The Biden administration will likely bring some degree of new oversight to the nursing home sector as lawmakers and regulators look to sort out what went wrong during the COVID-19 pandemic, and ownership transparency — coupled with significantly more stringent financial reporting requirements — could emerge as a key area of reform.
While the industry generally purports that Medicaid funding is insufficient to provide quality care in many parts of the country, the complex ownership structures favored by operators make it difficult to arrive at a clear assessment of nursing home finances and performance, a quintet of experts argued in a commentary published this week in the journal Health Affairs.
“Quality issues persist as policy makers are unable to oversee how nursing homes spend Medicare and Medicaid payments,” the group wrote. “The growth in complex nursing-home ownership structures has limited financial transparency by allowing nursing homes to hide public payments and stint on direct resident care.”
The authors consisted of University of California, San Francisco professor emeritus Charlene Harrington; director of Altarum’s Center for Eldercare Improvement Anne Montgomery; King Enterprise Group CEO and former Centers for Medicare & Medicaid Services (CMS) official Terris King; Harvard University researcher David Grabowski; and former Rockport Healthcare Services CEO Michael Wasserman.
The commentary acknowledged that the federal government’s own Medicare Payment Advisory Commission (MedPAC) puts the overall nursing home profit margin as low as 0.6%, but asserts that the web of interrelated companies often involved in nursing home ownership and management may be obscuring a deeper truth.
“Because nursing homes can hide profits through their own related-party companies, however, it is not possible to know what the actual margins are without improved cost reporting and accountability,” the authors wrote.
To solve this problem, the group called for the creation of a wide-ranging federal task force that would beef up audits of CMS’s Provider Enrollment, Chain, and Ownership System (PECOS) database along with Payroll-Based Journal (PBJ) and other nursing home operational data.
Their recommendations also included the release of clearer public information about nursing home chain ownership, as well as expanding PECOS to include all related-party entities involved in the day-to-day operations of each nursing facility.
The group additionally focused on the need for federal change-of-ownership rules, which have thus far been primarily left to the states.

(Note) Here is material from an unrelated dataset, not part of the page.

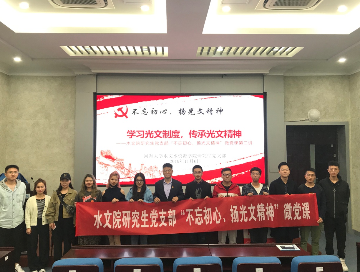 此次活动为杏吧原创研究生党支部“不忘初心,扬光文精神”微党课系列活动第二讲,活动通过对“光文精神”的解读,激励研究生党员们发扬光文精神,汲取精神力量,并将之转化为实实在在的行动,充分发挥党员先锋模范作用,为中国的水文事业光辉灿烂的明天,贡献自己的力量。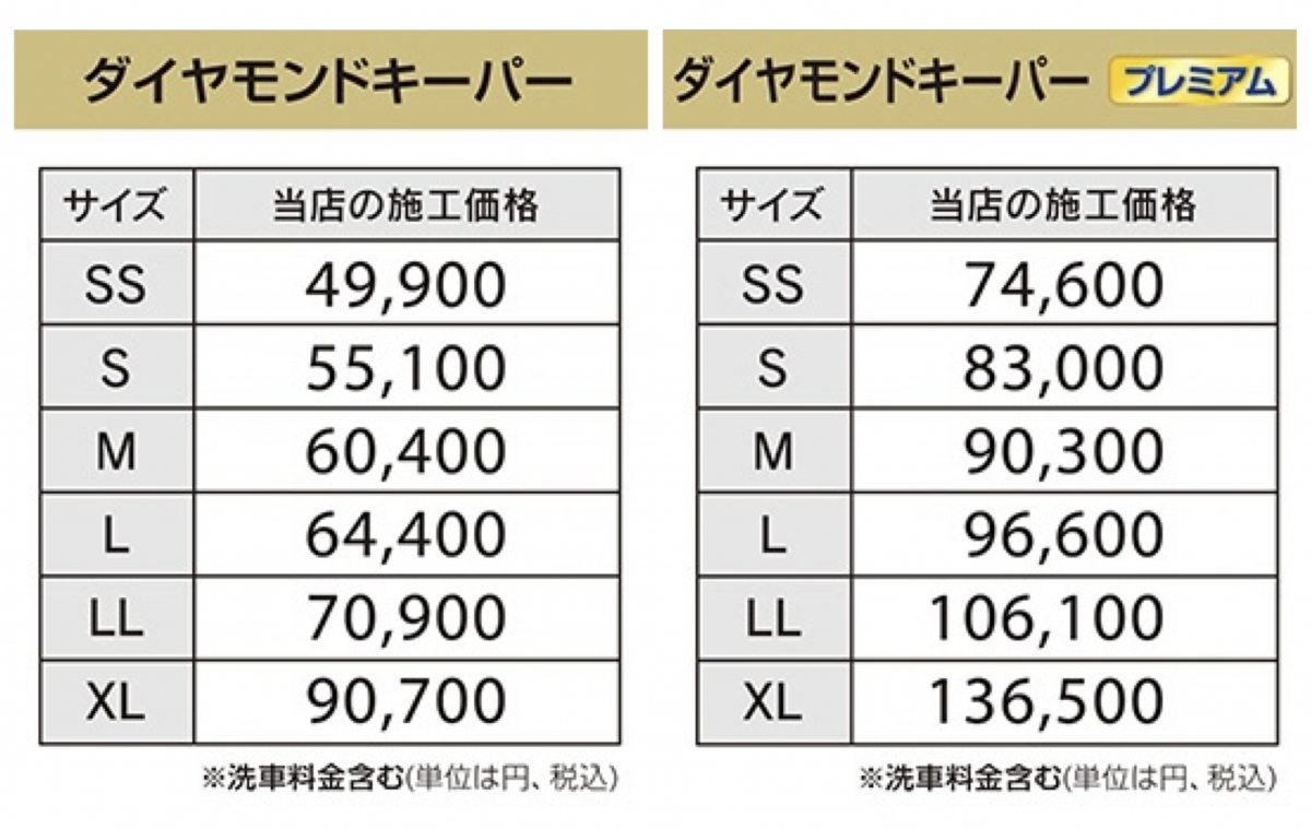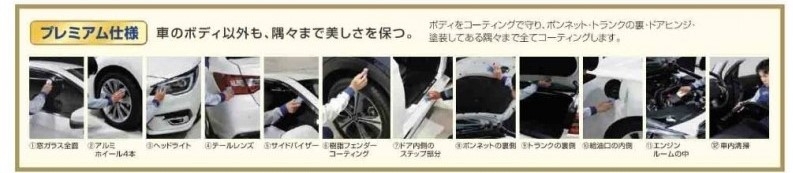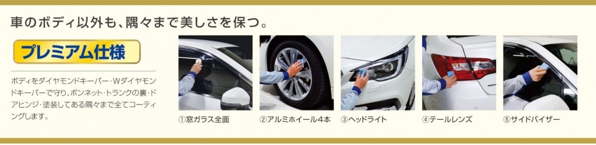 ●プレミアムメニューでのプラス部位はダイヤモンドキーパー、Wダイヤモンドキーパー、ECOプラスダイヤモンドキーパー全て共通で「①窓ガラス全面②ホイール4本③ヘッドライト④テールレンズ⑤サイドバイザー⑥樹脂フェンダーキーパー⑦ステップ部分⑧ボンネット裏⑨トランク裏⑩給油口内側⑪エンジンルーム⑫車内清掃」の全12点になります。

“By not establishing and enforcing ownership and management screening requirements, CMS also allows unsuitable persons or companies to acquire and operate facilities,” they wrote.
Nursing home leaders in Kansas, for instance, embraced a stricter set of ownership transparency rules in the wake of the Skyline Healthcare disaster, which saw the out-of-state chain collapse in the wake of rapid expansion — fueled in part by officials that approved Skyline’s takeover of facilities despite clear problems brewing elsewhere in its portfolio.
A law requiring potential owners to submit detailed information about their stakes in nursing home real estate and operations passed with bipartisan support in Kansas in the spring of 2019, giving state officials broader leeway to analyze their finances — and blacklist owners with a history of problems.
Cindy Luxem, CEO of the Kansas Health Care Association, acknowledged that the laws would load additional burdens on the sector, but insisted that it was worth it to prevent another Skyline-style disaster.
“I don’t know that we ever denied somebody coming into the state to operate,” Luxem noted. “And it sounds like maybe we should have.”
Writing in Health Affairs, the leaders called on CMS to create a formal ownership approval process that would bar investors with prior staffing shortages or instances of poor-quality care from expanding; operators that had settled allegations of providing “worthless services” would also be shut out of the program for five years.
On top of that, the group recommended that owners be required to submit detailed cost reports — subject to audits from third-party public accounting firms — that cover the entire scope of the nursing home’s operations.
“The reports should provide flow charts of all related party entities including home offices, management organizations, staffing, therapy, supply, pharmaceutical, consulting, insurance, banking, investment entities, parent companies, holding companies, and sister organizations,” they wrote. “Management companies and property companies should also be required to provide a full financial report annually.”
That oversight should also give CMS access to Internal Revenue Service (IRS) filings associated with all nursing home-related entities.
Though the Health Affairs piece went into substantially more detail, President Biden called for PECOS audits as part of his campaign’s overall nursing home reform proposals released last year.
“It did not have to be this bad,” the Biden-Harris campaign wrote of the coronavirus pandemic’s impact on nursing homes.